--- Collected material ---

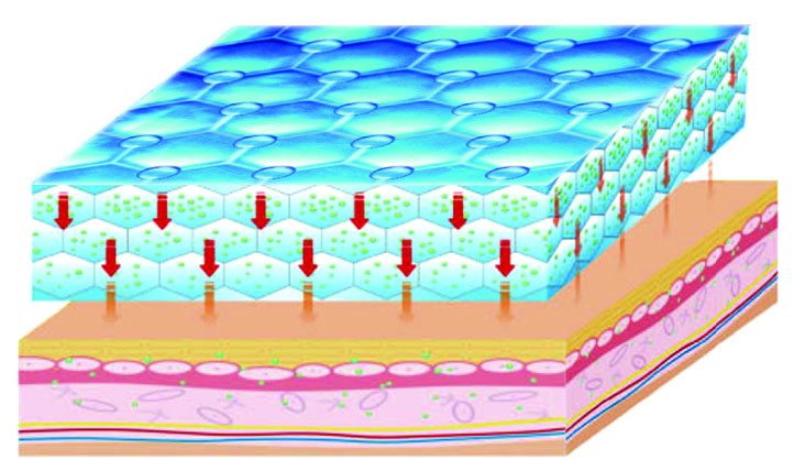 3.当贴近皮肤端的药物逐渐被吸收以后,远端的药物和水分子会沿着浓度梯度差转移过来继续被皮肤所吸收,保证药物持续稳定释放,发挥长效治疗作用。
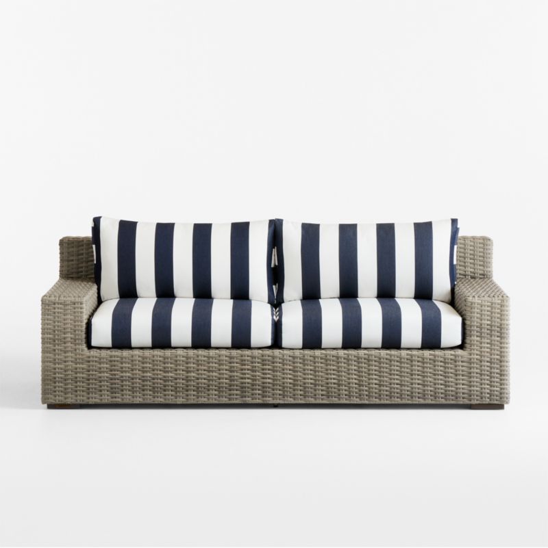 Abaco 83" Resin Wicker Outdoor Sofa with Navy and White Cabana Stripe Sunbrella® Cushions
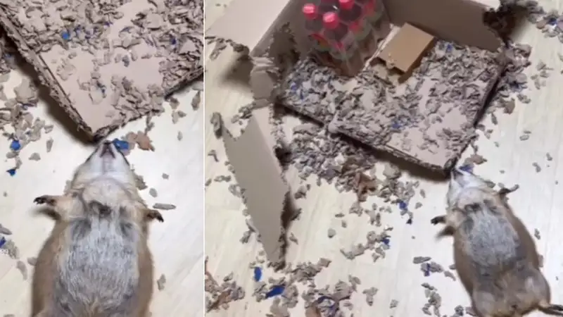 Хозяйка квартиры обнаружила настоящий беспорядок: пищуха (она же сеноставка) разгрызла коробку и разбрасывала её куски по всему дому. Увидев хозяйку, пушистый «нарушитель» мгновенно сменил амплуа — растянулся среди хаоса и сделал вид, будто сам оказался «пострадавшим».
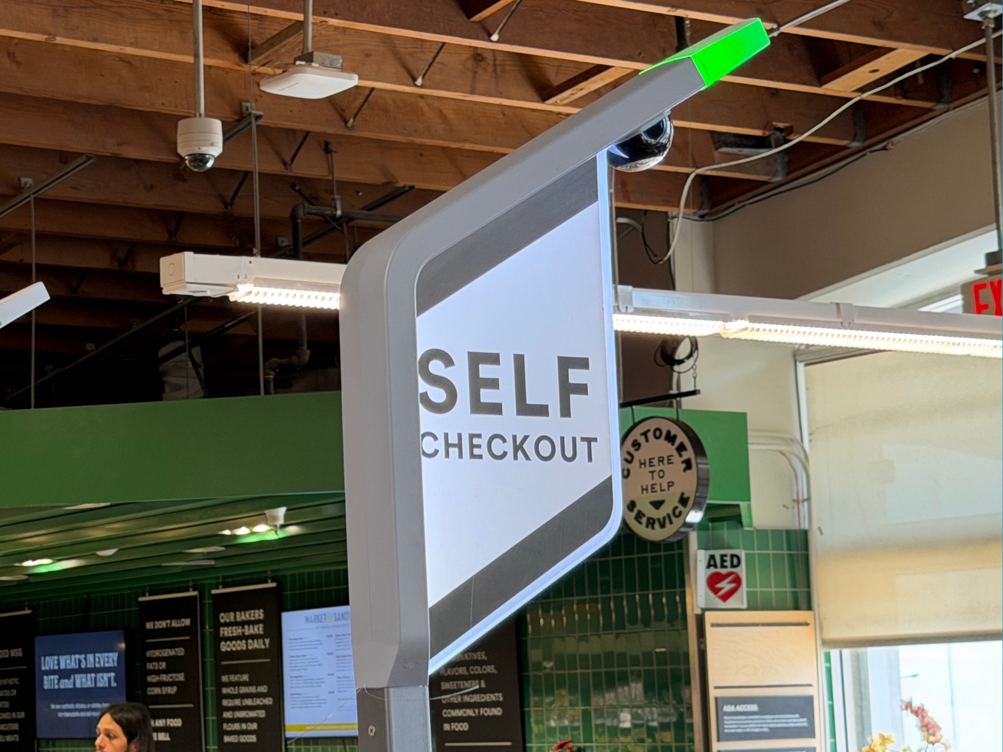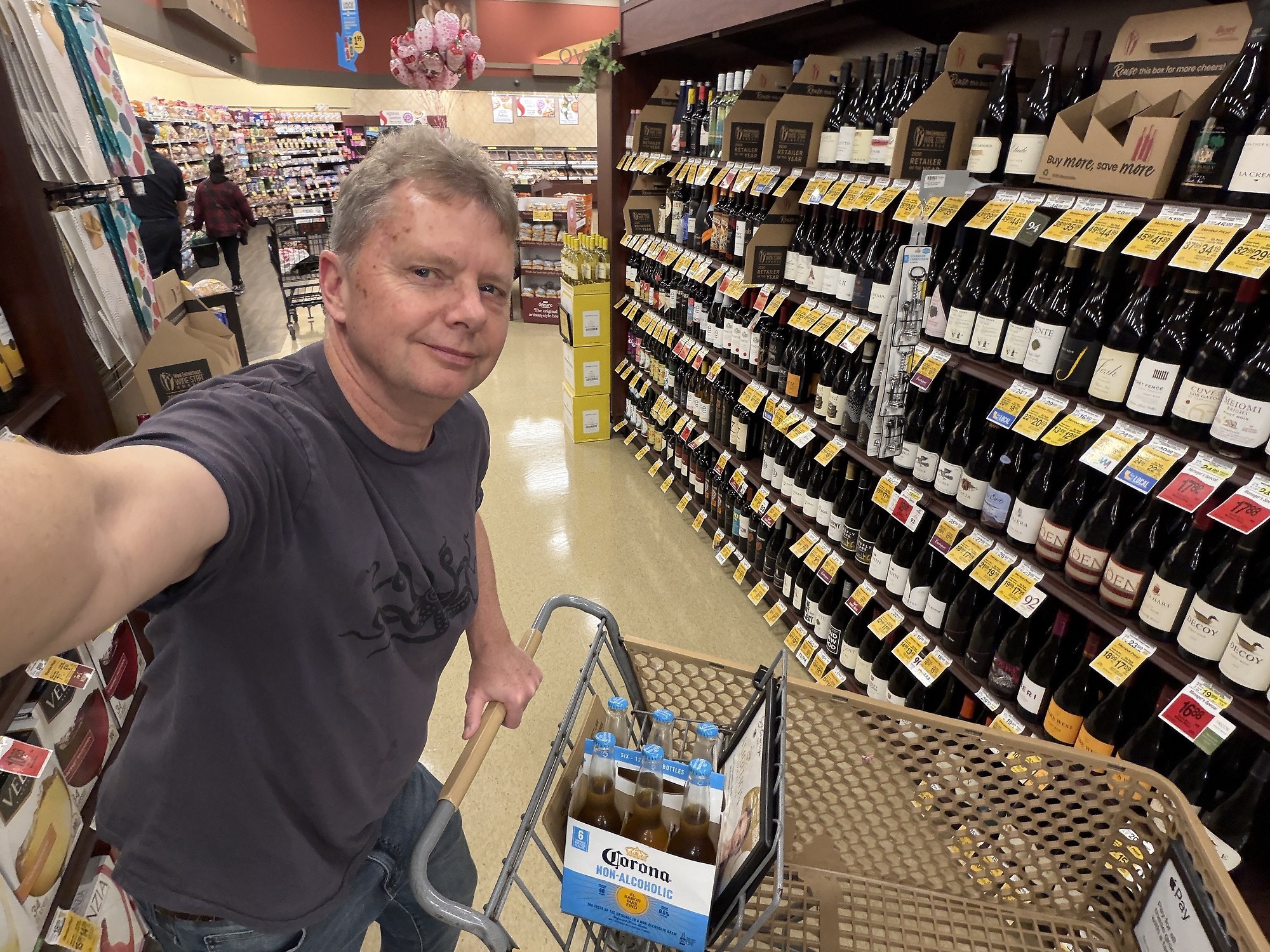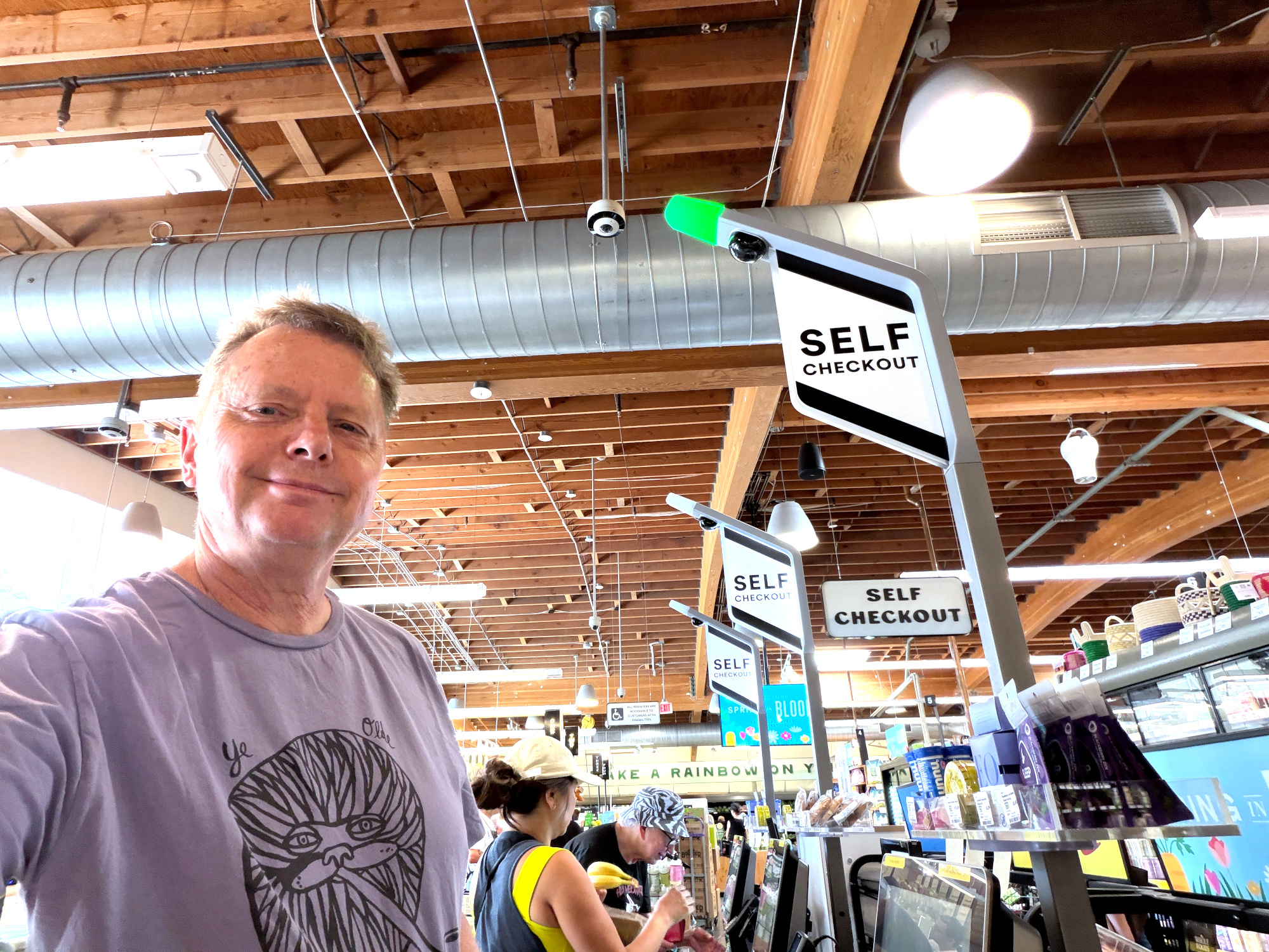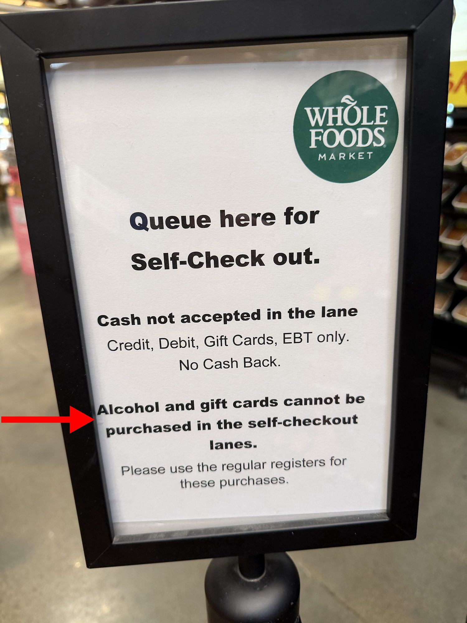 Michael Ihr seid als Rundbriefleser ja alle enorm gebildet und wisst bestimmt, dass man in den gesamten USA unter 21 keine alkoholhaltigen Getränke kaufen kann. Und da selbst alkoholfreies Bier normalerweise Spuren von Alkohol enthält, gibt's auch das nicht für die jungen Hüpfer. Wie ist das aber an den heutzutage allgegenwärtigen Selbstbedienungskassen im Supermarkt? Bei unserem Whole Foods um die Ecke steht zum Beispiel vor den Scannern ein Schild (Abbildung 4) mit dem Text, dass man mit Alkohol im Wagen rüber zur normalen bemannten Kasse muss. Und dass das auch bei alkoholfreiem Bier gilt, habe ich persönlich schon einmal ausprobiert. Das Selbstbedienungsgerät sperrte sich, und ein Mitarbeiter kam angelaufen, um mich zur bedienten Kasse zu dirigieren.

---

(Aim of the task): Go through the data and return every word of it verbatim, leaving out the pictures.

(Solution to this exercise):
 3.当贴近皮肤端的药物逐渐被吸收以后,远端的药物和水分子会沿着浓度梯度差转移过来继续被皮肤所吸收,保证药物持续稳定释放,发挥长效治疗作用。
 Abaco 83" Resin Wicker Outdoor Sofa with Navy and White Cabana Stripe Sunbrella® Cushions
 Хозяйка квартиры обнаружила настоящий беспорядок: пищуха (она же сеноставка) разгрызла коробку и разбрасывала её куски по всему дому. Увидев хозяйку, пушистый «нарушитель» мгновенно сменил амплуа — растянулся среди хаоса и сделал вид, будто сам оказался «пострадавшим».
 Michael Ihr seid als Rundbriefleser ja alle enorm gebildet und wisst bestimmt, dass man in den gesamten USA unter 21 keine alkoholhaltigen Getränke kaufen kann. Und da selbst alkoholfreies Bier normalerweise Spuren von Alkohol enthält, gibt's auch das nicht für die jungen Hüpfer. Wie ist das aber an den heutzutage allgegenwärtigen Selbstbedienungskassen im Supermarkt? Bei unserem Whole Foods um die Ecke steht zum Beispiel vor den Scannern ein Schild (Abbildung 4) mit dem Text, dass man mit Alkohol im Wagen rüber zur normalen bemannten Kasse muss. Und dass das auch bei alkoholfreiem Bier gilt, habe ich persönlich schon einmal ausprobiert. Das Selbstbedienungsgerät sperrte sich, und ein Mitarbeiter kam angelaufen, um mich zur bedienten Kasse zu dirigieren.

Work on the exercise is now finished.